In the 1980s, Nancy Reagan told Americans to “Just Say No” to recreational drugs.

People who see ads for new drugs like Latisse, for growing eyelashes, may ask for them before side effects are fully known.
Now a handful of legislators are just saying no to TV commercials for prescription drugs. The politicians are taking aim at the 60-second spots that have made viewers familiar with maladies like male urinary urgency and deficient eyelashes — not to mention side effects like four-hour erections.

Representative James P. Moran, Democrat of Virginia, is sponsoring a House bill that would ban ads for prescription sexual aids like Viagra and Levitra from prime-time television, on decency grounds. Representative Henry A. Waxman, Democrat of California, has said he favors empowering the Food and Drug Administration to bar consumer advertisements for new drugs for an initial period after the F.D.A. approves them — until there has been more real-world experience with the medications.

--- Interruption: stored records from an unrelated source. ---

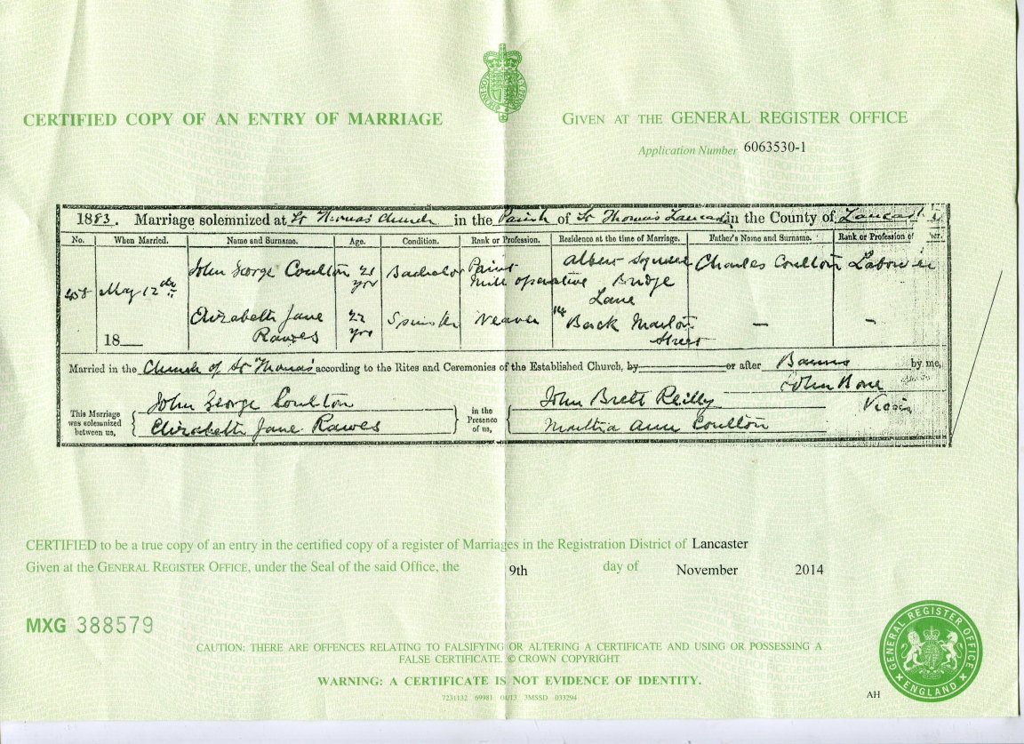 | Marriage | 1883 | Elizabeth Jane & John George Coulton, Lancaster | Cartmel | C00100 |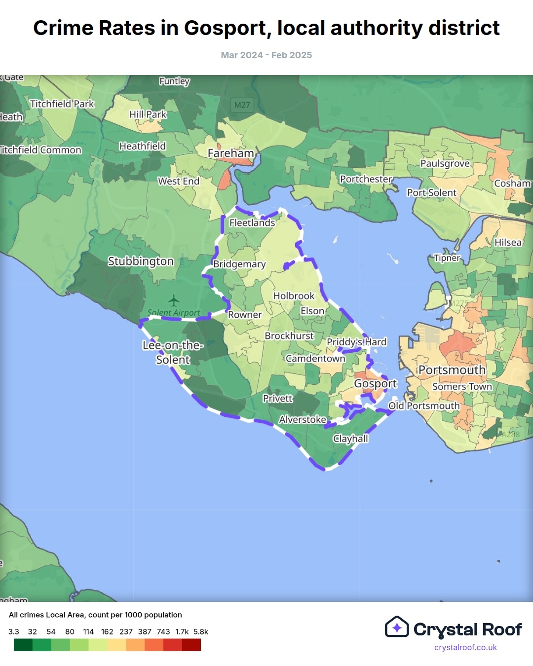 The figures in grey indicate the relative ratings of Gosport (local authority district) for a specific crime type compared to other boroughs/local authority districts in England and Wales.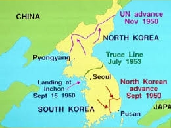 President Truman "Korea is a small country, thousands of miles away. But what is happening there is important to every American. The fact that communist forces have invaded Korea is a warning that there may be similar acts of aggression in other parts of the world. . . " The U. S. led UN forces pushed the North Koreans back to the 38 th parallel and then kept going. They pushed all the way to the border of China…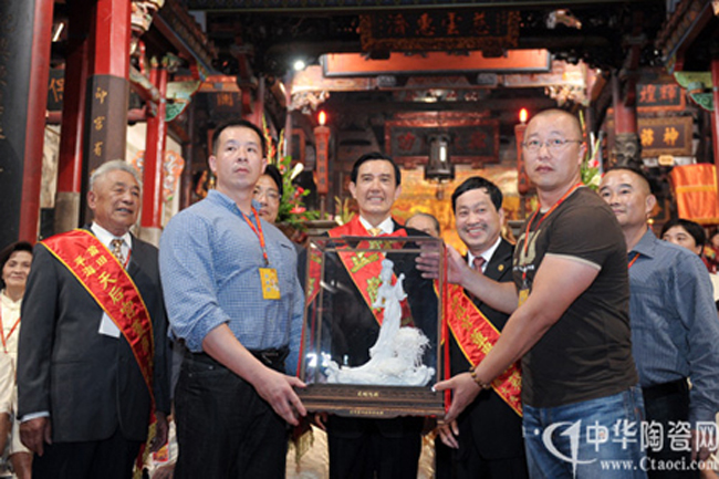 《大地飛歌》成為“2008年中國—東盟博覽會指定國禮”,贈送給東盟各國國家領(lǐng)導(dǎo)人,并載入東盟史冊;2010年泉州霞洲媽祖宮赴臺灣臺南大天后宮祭奠之時,德化瓷塑作品《大地飛歌》被作為禮品贈送給國民黨主席馬英九。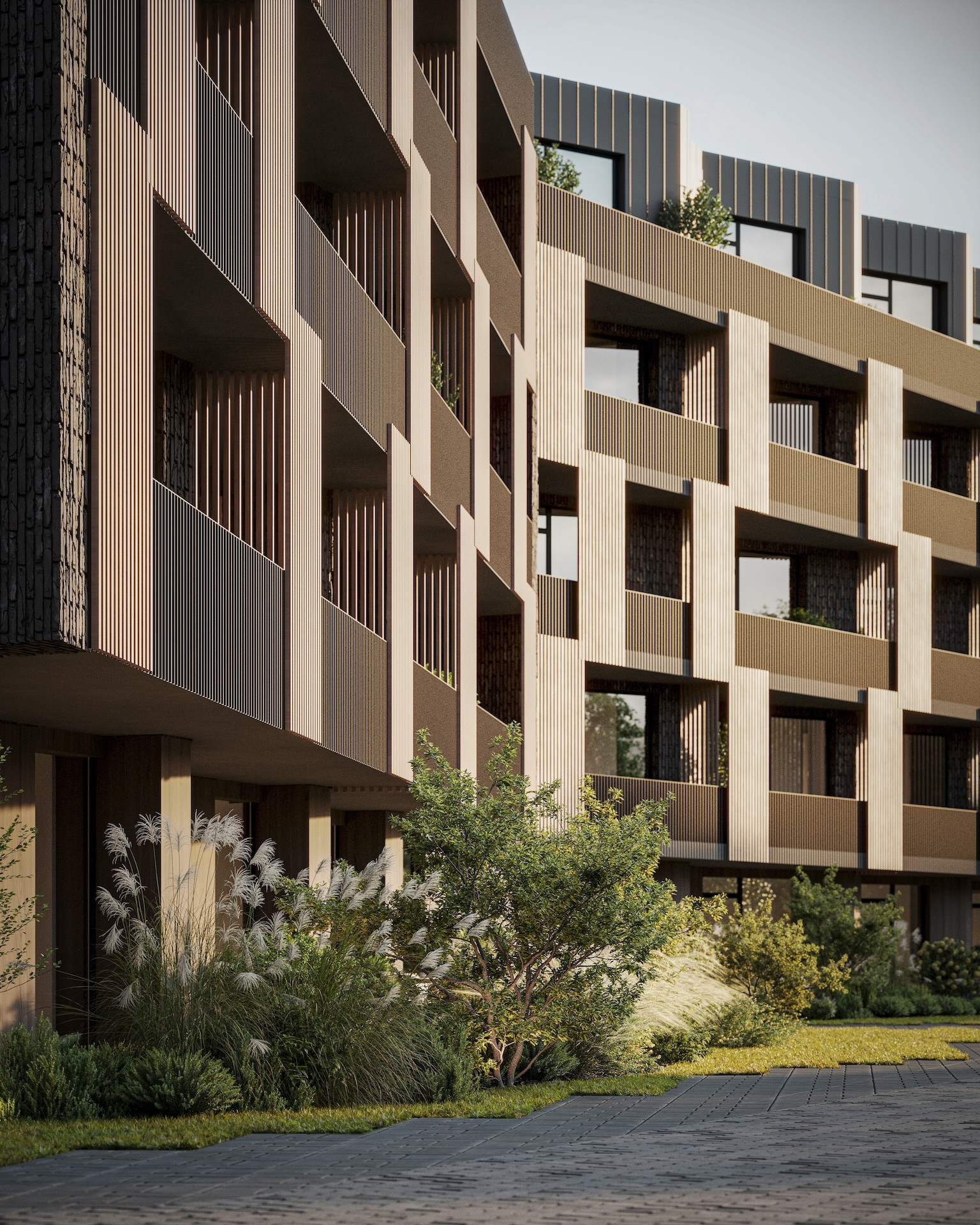 Kurdami architektūrą, projekto autoriai rėmėsi pajūrio nuotaikomis – horizontaliomis ir vertikaliomis linijomis, šviesiais, tonais ir natūralių medžiagų deriniais. Pastatų holai ir laiptinės pasižymi reprezentatyvumu ir jaukia atmosfera, o langų vitrinos ir vizualinės jungtys su kiemais leidžia nuolat jausti ryšį su gamta. Tai namai, į kuriuos gera grįžti – ne tik dėl jūros, kurią pasieksite pėsčiomis, bet ir dėl malonios, ramios nuotaikos pačiame pastate.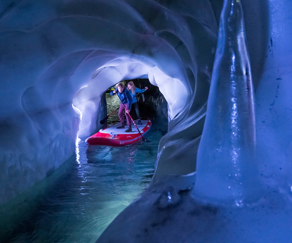 Le glacier de Hintertux dissimule un monde secret, un palais de glace fait de couloirs et de salles. Sur la rivière souterraine du glacier, vous pouvez pagayer et naviguer dans un petit bateau. Une expérience unique.
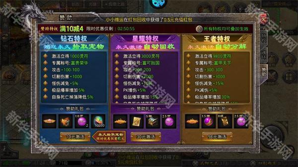 2、散人玩家进入游戏后建议只充前2档赞助特权,只需36元全部搞定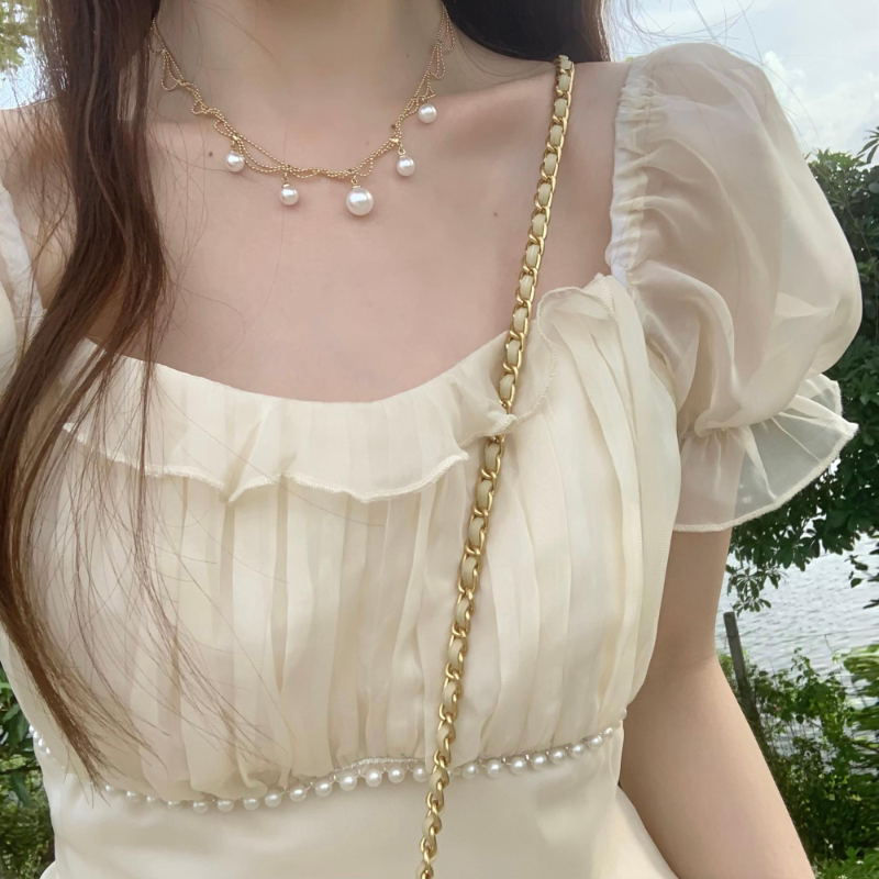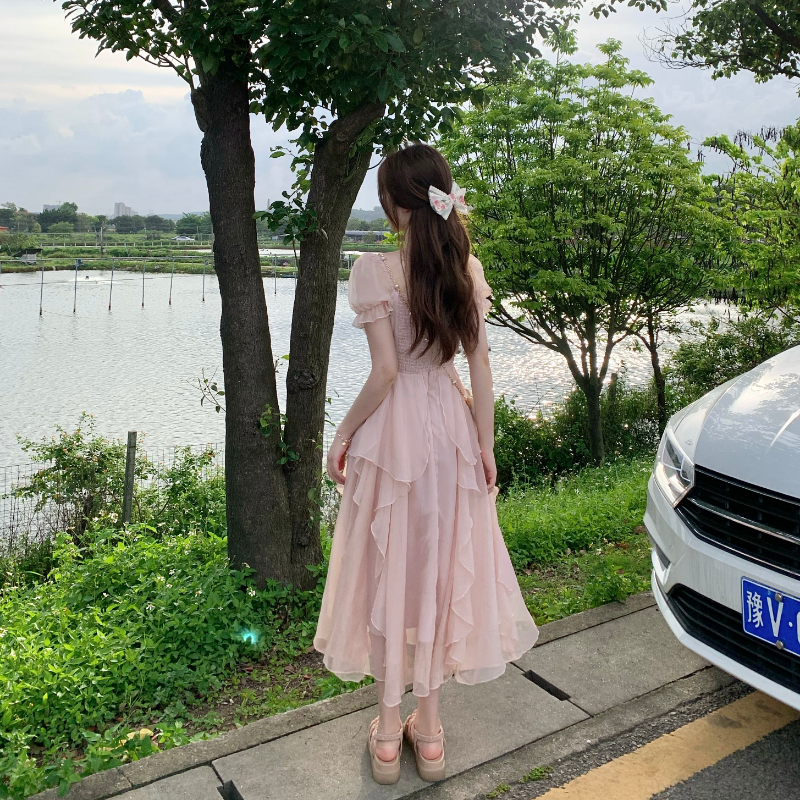 Fleepmart Vintage French Sweet Fairy Lace Beading Chiffon Dress Evening Midi Dresses For Women Elegant Party Casual Beach Summer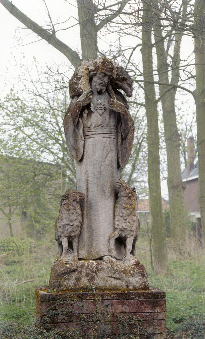 De Ketsheuvel, tegenover huisnummer 14, Orthenafmetingen: 75 x 65 x 185 cm (sokkel 100 x 83 x 90 cm)materiaal: natuursteen op bakstenen sokkel datering: 1944 vervaardigd door: Piet Verdonk74 Het is een traditionele, naturalistische staande Christusfiguur met een schaap over de schouders en twee aan de voeten. Het beeld is na de oorlog aangekocht door de parochie als dank voor de (goede) afloop voor Orthen. Het stond aanvankelijk bij de oude Lambertuskerk. In 1973 is het verplaatst naar de huidige verblijfplaats schuin tegenover het oude kerkhof en achter de Salvatorkerk. | 50 |
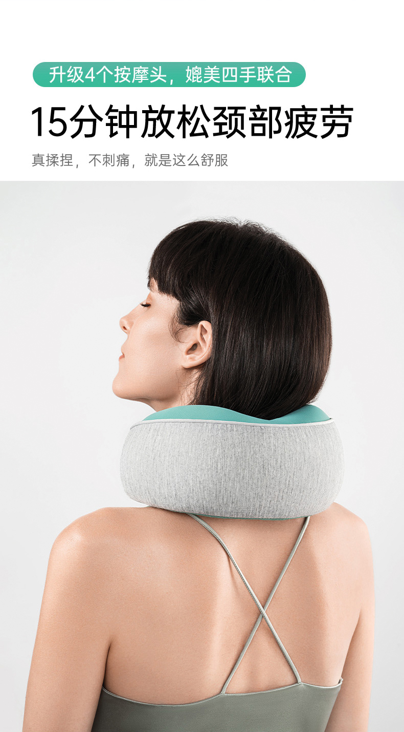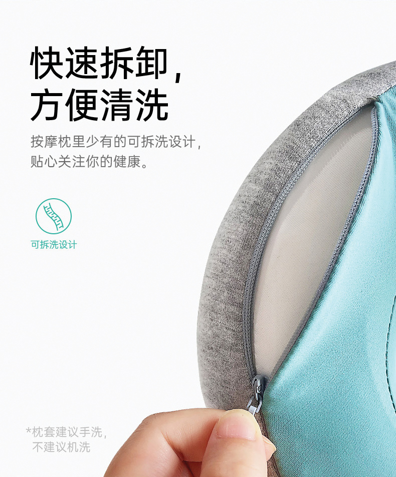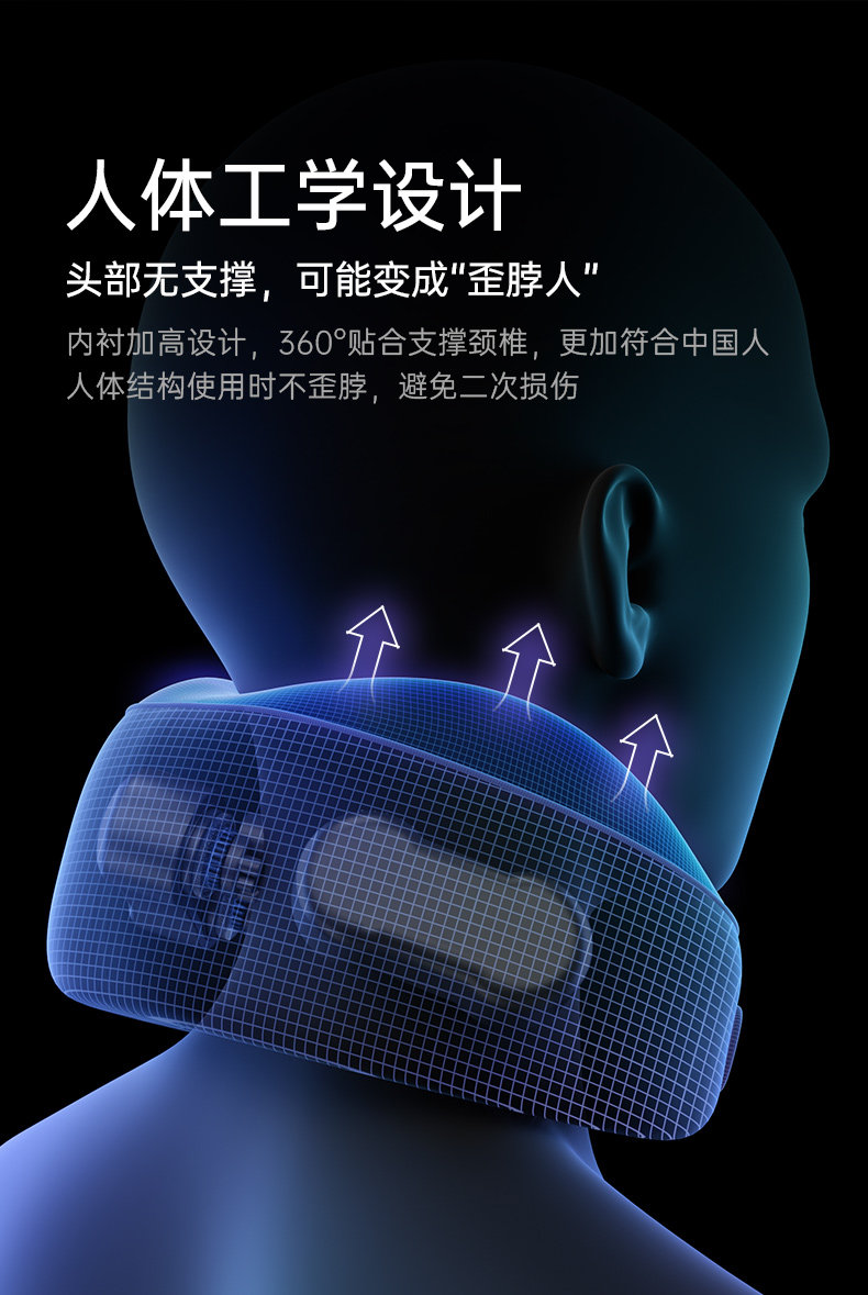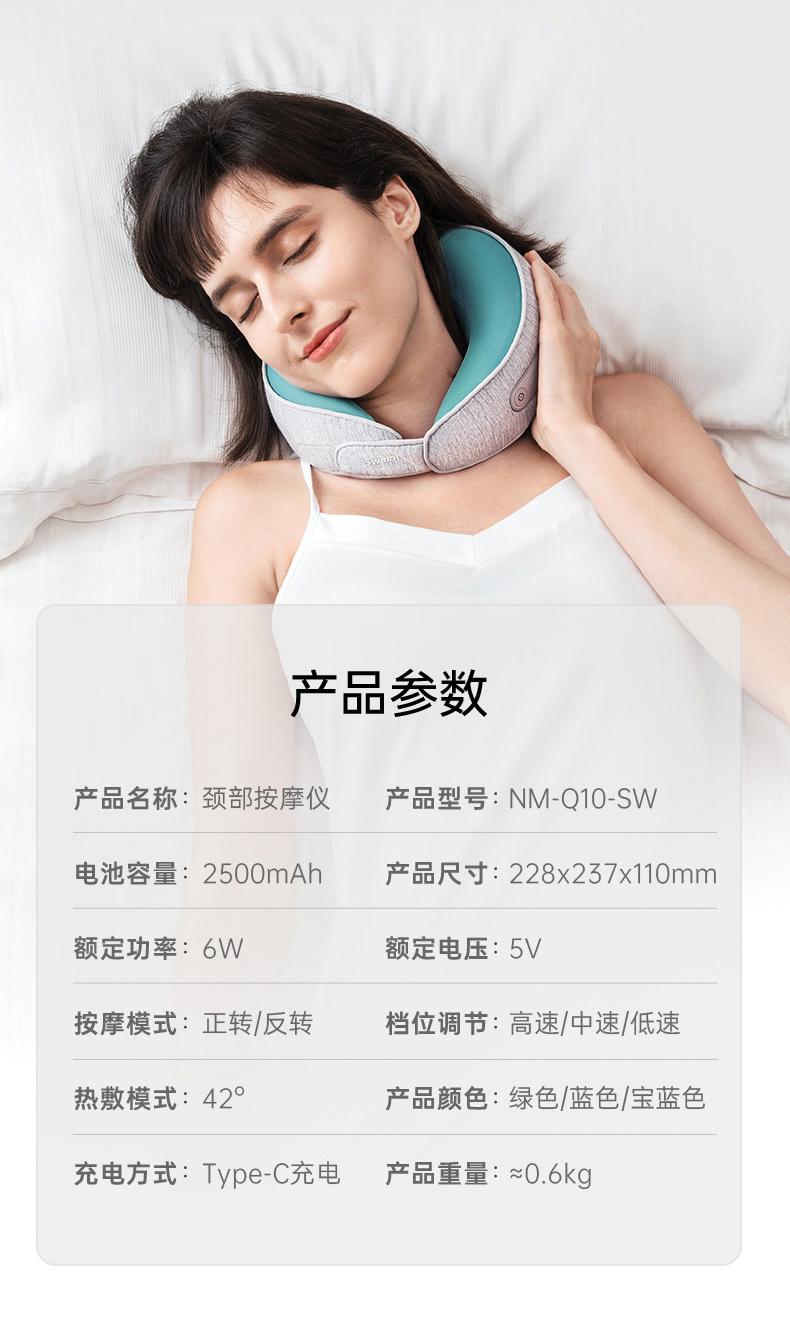 有快、中、慢三档按摩模式,在配合远红外技术、恒温热敷,有助放松颈部肌肉,舒适解乏。三档隐形磁吸扣调节,佩戴舒适。内置2500mAh容量电池,每次15分钟满电可用8天,枕套纯棉亲肤面料可拆卸打理方便。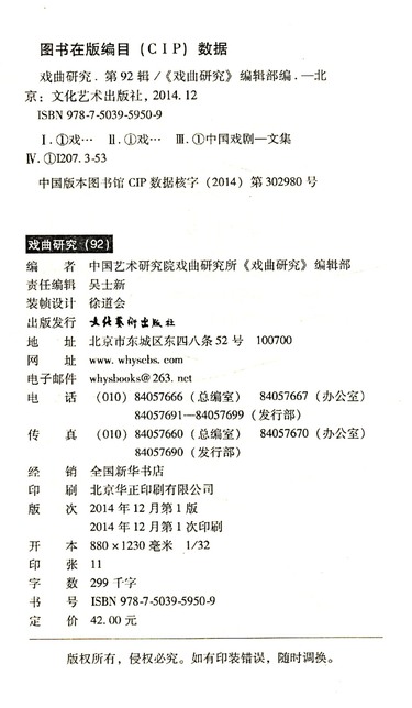 戏曲研究(第92辑)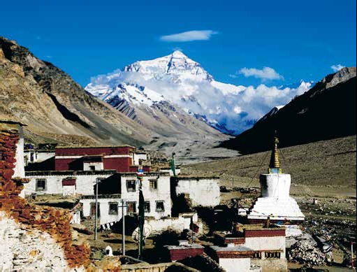 在营地附近的世界上海拔最高寺庙—绒布寺(门票自费)南望,是举世公认仰望观赏珠峰和拍摄珠峰的最佳位置。寺庙白塔耸立,五彩经幡翻飞,在此您将与世界最高峰珠穆朗玛峰共舞,有幸还可以看到有如生命之火般飘荡的珠峰旗云。珠峰行程最远只能到达绒布寺附近的【珠穆朗玛峰高程测量纪念碑】打卡点,实际状况依景区公告为主。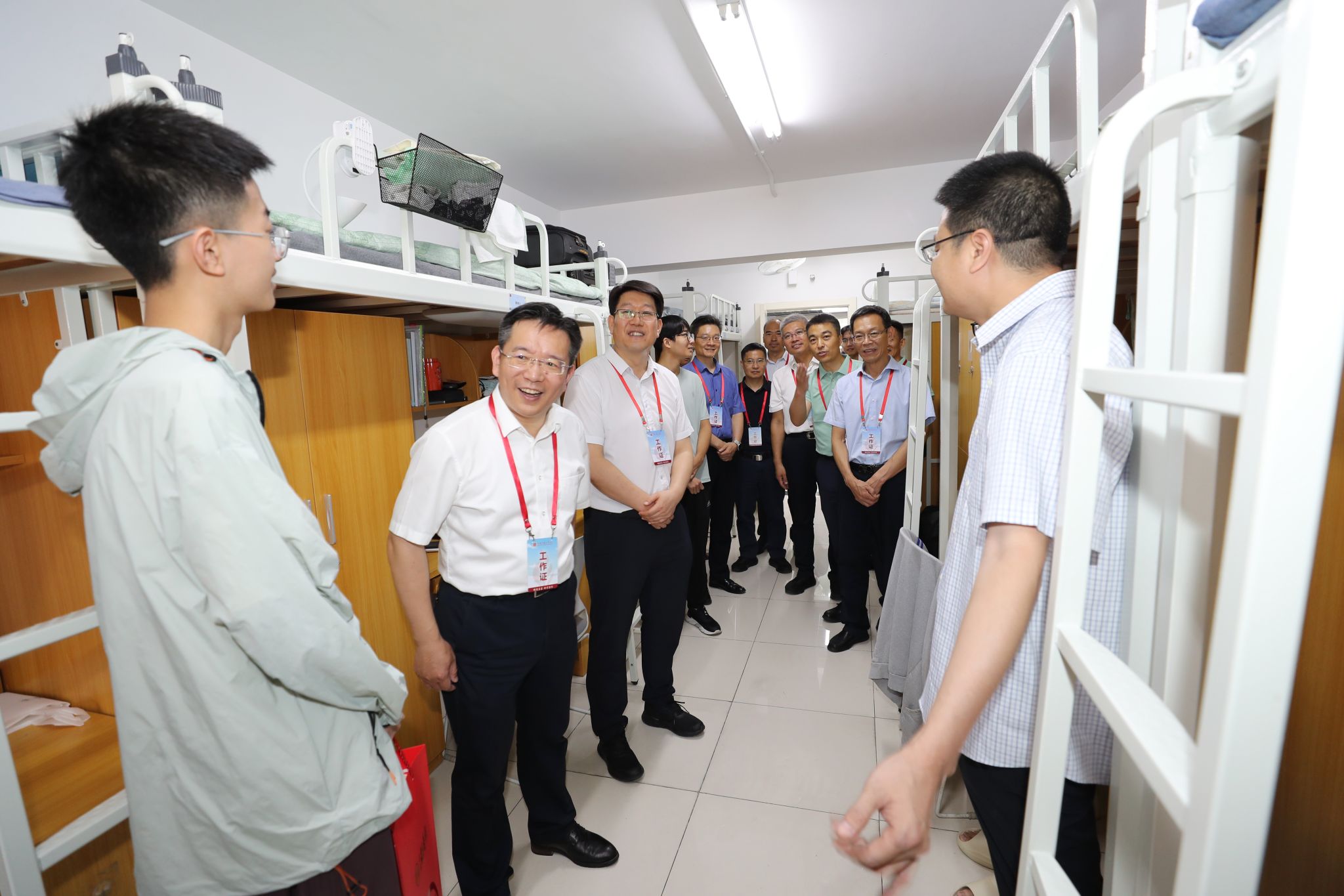 9月1日上午,校党委书记韩尚峰,校长、党委副书记刘波,副校长崔希民,校党委副书记安宇,副校长谭凯、汪文生慰问2025级新生。校领导与同学们亲切交谈,了解他们的报到情况和对学校新环境的适应情况,嘱咐同学们要珍惜大学时光,努力学习专业知识;宿舍成员间生活上要互相帮助,学习上要比学赶超、共同进步,并嘱咐每一位工作人员都要细致入微,确保每一位新生都能感受到学校的关怀和温暖。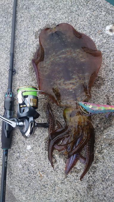 釣れたイカの墨で散ってしまいキャスト方向を変えて追尾してきたのをサイトで釣った一杯

Meanwhile, Representative Jerrold Nadler, Democrat of New York, has introduced a bill called the Say No to Drug Ads Act. It would amend the federal tax code to prevent pharmaceutical companies from deducting the cost of direct-to-consumer drug advertisements as a business expense.

“You should not be going to a doctor saying, ‘I have restless leg syndrome’ — whatever the hell that is — or going to a doctor saying, ‘I have the mumps,’ ” Mr. Nadler said in an interview. “You should not be diagnosed by some pitchman on TV who doesn’t know you whatsoever.”

In the context of the battle over health care reform in Washington, the war on drug ads may represent but a side skirmish. Over the years, legislators have introduced and failed to enact similar bills to restrict drug advertising.

Such measures never get very far because they conflict with free-speech rights, said Billy Tauzin, the president of the Pharmaceutical Researchers and Manufacturers of America, an industry trade group.

Representative Charles B. Rangel, Democrat of New York and chairman of the House Ways and Means Committee, said last month that legislators would consider ending the tax break for drug ads as a way to raise money to pay for the health care overhaul. But, after lobbying from broadcasters and newspapers, Mr. Tauzin said, legislators quickly abandoned the idea, concluding that such a measure would not raise significant money.

With lawmakers still fighting over how to finance health care reform, Mr. Nadler said he hoped his bill might find an audience.

“On First Amendment grounds, I am not going to say we will ban” drug advertising, said Mr. Nadler, who represents parts of Manhattan and Brooklyn. “But they should not be able to get taxpayers to subsidize it.”

Meanwhile, Representative Daniel Lipinski, Democrat of Illinois, is pushing his own bill that would end the tax deduction for drug company spending on advertisements.

For some legislators and consumer advocates, the ads are a daily reminder of a health care system run amok. Critics contend that drug ads are intended to prompt people to diagnose themselves with chronic quality-of-life problems like insomnia or restless leg syndrome; lead people to pressure their doctors for prescriptions for expensive brand-name drugs to treat these conditions; and steer people away from cheaper generic pills.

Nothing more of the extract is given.